We've padded out our key to be sufficiently long, now let's go number by number to encrypt:

In [28]:
encrypted_ascii = []

for padded_key_n, message_n in zip(padded_key_ascii, message_ascii):
    encrypted_ascii.append((padded_key_n + message_n) % 128)
In [29]:
encrypted_ascii
Out[29]:
[54, 100, 86, 6, 84, 81, 82, 84, 90, 90, 7]

Exercise: Write a function encrypt(message_ascii, key_ascii) that return the encrypted version of message_ascii using the secret key key_ascii (based on the code above).

Exercise: Write a companion function decrypt(encrypted_ascii, key_ascii) that returns the decrypted message.

In [32]:
decrypted_ascii = []

for padded_key_n, encrypted_n in zip(padded_key_ascii, encrypted_ascii):
    decrypted_ascii.append((encrypted_n - padded_key_n) % 128)
In [33]:
decrypted_ascii
Out[33]:
[84, 111, 112, 32, 115, 101, 99, 114, 101, 116, 33]
In [34]:
ascii_to_str(decrypted_ascii)
Out[34]:
'Top secret!'

Working with text files

I've downloaded the dictionary.txt file and the msmith37.txt file and placed them into my weekly notebook directory.

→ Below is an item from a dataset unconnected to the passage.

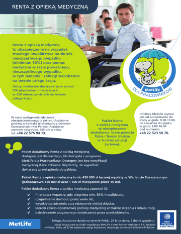 RENTA Z OPIEKĄ MEDYCZNĄ Renta z opieką medyczną to ubezpieczenie na wypadek trwałego inwalidztwa na skutek nieszczęśliwego wypadku (minimum 50%) oraz pomoc medyczna w razie poważnego, nieszczęśliwego wypadku, w tym badania i zabiegi świadczone na terenie całego kraju. © PNTS Pakiet Renta z opieką medyczną to ubezpieczenie dodatkowe, które pomoże Tobie i Twoim bliskim w trudnej sytuacji życiowej. nic z en ow pi e W razie wystąpienia zdarzenia ubezpieczeniowego z zakresu Assistance prosimy o kontakt telefoniczny z Centrum Operacyjnym Inter Partner Assistance czynnym całą dobę, 365 dni w roku, tel. +48 22 575 94 13. e Ube z cz Usługi medyczne dostępne są w ponad 700 placówkach medycznych, w 250 miejscowościach na terenie całego kraju. ie Pra c Infolinia MetLife czynna jest od poniedziałku do środy w godz. 9.00-17.00, od czwartku do piątku w godz. 8.00-16.00 pod numerem +48 22 523 50 70. Pakiet dodatkowy Renta z opieką medyczną dostępny jest dla każdego, kto korzysta z programu MetLife dla Pracowników. Dostępny jest bez weryfikacji medycznej stanu zdrowia. Wystarczy, że wypełnisz deklarację przystąpienia do pakietu. Pakiet Renta z opieką medyczną to do 420 000 zł łącznej wypłaty w Wariancie Rozszerzonym (jednorazowo 150 000 zł oraz 1 500 zł miesięcznie przez 15 lat). Pakiet dodatkowy Renta z opieką medyczną zapewni Ci: finansowe wsparcie, gdy ulegniesz min. 50% inwalidztwu, uzupełnienie dochodu przez wiele lat, wysokie świadczenia przy relatywnie niskiej składce, szeroki zakres dodatkowej pomocy medycznej w trakcie leczenia i rehabilitacji, dziedziczenie przyznanego świadczenia przez spadkobierców. Usługa Assistance działa na terenie Polski, 24 h na dobę, 7 dni w tygodniu. Usługi świadczone są dzięki współpracy MetLife z Inter Partner Assistance S.A. Oddział w Polsce, który od 20 lat zapewnia usługi Assistance, obejmując ochroną 5 milionów Polaków. Pakiet Renta z opieką medyczną dostępny jest w 3 wariantach: Świadczenie ubezpieczeniowe MetLife Podstawowy Średni Rozszerzony Świadczenie jednorazowe 50 000 zł 100 000 zł 150 000 zł Świadczenie miesięczne 500 zł 1 000 zł 1 500 zł Okres wypłacania świadczenia miesięcznego 5 lat 10 lat 15 lat Łącznie 80 000 zł 220 000 zł 420 000 zł Opieka Opieka medyczna medyczna –– w w ramach ramach usługi usługi świadczonej świadczonej przez przez Inter Inter Partner Partner Assistance Assistance Pomoc medyczna, lekarze 10 specjalizacji TAK TAK TAK USG, rehabilitacja — TAK TAK Tomografia komputerowa, rezonans magnetyczny — — TAK Składka 8 zł 19 zł 35 zł Opieka obejmuje konsultacje lekarzy 10 specjalizacji: chirurga, okulisty, otolaryngologa, ortopedy, kardiologa, neurologa, pulmonologa, neurochirurga, psychologa, rehabilitanta. Szczegółowe warunki dotyczące zakresu ochrony, w tym wyłączeń i ograniczeń odpowiedzialności ubezpieczycieli, dostępne są w OWU MetLife TUnŻiR S.A. i w WU Inter Partner Assistance S.A. Oddział w Polsce. Pracownik może je otrzymać w dziale kadr/zasobów ludzkich oraz na stronie internetowej www.metlife.pl. Jak ubiegać się o wypłatę świadczenia z tytułu trwałego inwalidztwa NW? Informacje o potrzebnych dokumentach oraz druki roszczeniowe dostępne są na stronie www.metlife.pl, w zakładce: Oferta dla Biznesu/Obsługa Klienta/Roszczenia – grupowe ubezpieczenia pracownicze (bezpośrednio pod linkiem: https://www.metlife.pl/pl/business/obsługa‐klienta/zgłoś‐roszczenie/). Roszczenia o wypłatę świadczenia można zgłaszać w poniższy sposób: e-roszczenie on-line – przez portal e-roszczenie. Zgłoszenie roszczenia on-line potwierdzone zostanie wygenerowaniem formularza – wniosku o wypłatę świadczenia – w formacie PDF. Wypełniony i własnoręcznie podpisany formularz wraz z wymaganymi dokumentami, które nie zostały dołączone do zgłoszenia on-line, powinien być przesłany do Departamentu Roszczeń na adres [email protected]. W temacie wiadomości prosimy wpisać nadany sprawie numer roszczenia. Pocztą elektroniczną – [email protected], załączając komplet wymaganej dokumentacji. Telefonicznie za pośrednictwem Telefonicznego Centrum Informacji – +48 22 523 50 70. Korespondencyjnie na adres – Departament Roszczeń MetLife TUnŻiR S.A., ul. Przemysłowa 26, 00-450 Warszawa, z dopiskiem „Roszczenia z polisy grupowej-pracowniczej”. Osobiście – odwiedzając biuro główne MetLife TUnŻiR S.A., ul. Przemysłowa 26 w Warszawie. Inter Partner Assistance S.A. Oddział w Polsce, ul. Chłodna 51, 00-867 Warszawa, zarejestrowana w rejestrze przedsiębiorców prowadzonym przez Sąd Rejonowy dla m.st. Warszawy, XII Wydział Gospodarczy Krajowego Rejestru Sądowego pod numerem KRS 0000320749, o numerze NIP 108-00-06-955 PA419-A16 MetLife TUnŻiR S.A. jest spółką z grupy MetLife, Inc. MetLife Towarzystwo Ubezpieczeń na Życie i Reasekuracji Spółka Akcyjna, ul. Przemysłowa 26, 00-450 Warszawa, zarejestrowane przez Sąd Rejonowy dla m.st. Warszawy, XII Wydział Gospodarczy Krajowego Rejestru Sądowego, pod nr. KRS 0000028131; NIP 526-030-50-06; wysokość kapitału zakładowego: 21.490.000,00 złotych, wpłacony w całości, działające na podstawie zezwolenia Ministra Finansów z dnia 30 października 1990 roku. MetLife TUnŻiR S.A. podlega nadzorowi Komisji Nadzoru Finansowego. Telefoniczne Centrum Informacji: tel. +48 22 523 50 70 © MetLife TUnŻiR S.A., 2016 PEANUTS © 2016 Peanuts Worldwide MetLife TUnŻiR S.A. ul. Przemysłowa 26 00-450 Warszawa e-mail: [email protected] www.metlife.pl Ochrona MetLife Plus Ogólne warunki ubezpieczenia grupowego Umowa dodatkowa Ogólne Warunki Grupowego Ubezpieczenia na Wypadek Trwałego Inwalidztwa na Skutek Nieszczęśliwego Wypadku Pakiet Renta Zakres informacji Postanowienie Ogólnych Warunków Ubezpieczenia 1. przesłanki wypłaty świadczenia § 3, § 6, § 7 2. ograniczenia oraz wyłączenia odpowiedzialności zakładu ubezpieczeń u

The open function can be used to open a file for reading or writing. We will also use the with construct to have Python manage the closing of our file when we're finished.

In [4]:
with open('dictionary.txt') as f:  # This opens dictionary.txt and names the contents `f`
    s = f.read()                   # This reads the contents of the file into a string
In [5]:
print(s[:100])

A
a
Aachen
Aalborg
aardvark
Aarhus
Aaron
AB
Ab
abaci
aback
abacus
Abadan
abaft
abalone
abandon
aband

A more appropriate structure would be to split the string on space/new lines to get a list of words in the dictionary:

In [6]:
dictionary = s.split()

print(dictionary[:10])

['A', 'a', 'Aachen', 'Aalborg', 'aardvark', 'Aarhus', 'Aaron', 'AB', 'Ab', 'abaci']

Similarly, we can read in an encrypted message:

In [7]:
with open('msmith37.txt') as f:
    s = f.read()
In [43]:
print(s[:100])

77 49 83 102 88 73 40 93 14 103 84 4 55 87 83 100 70 4 58 80 97 30 1 69 54 15 55 18 73 69 57 84 14 8

Again, we can split the string on spaces to produce a list of "integers".

In [44]:
s.split()[:10]
Out[44]:
['77', '49', '83', '102', '88', '73', '40', '93', '14', '103']

We need to convert each of these "integer" strings into actual integers:

In [73]:
encrypted_ascii = []

for str_n in s.split():
    encrypted_ascii.append(int(str_n))
In [74]:
encrypted_ascii[:10]
Out[74]:
[77, 49, 83, 102, 88, 73, 40, 93, 14, 103]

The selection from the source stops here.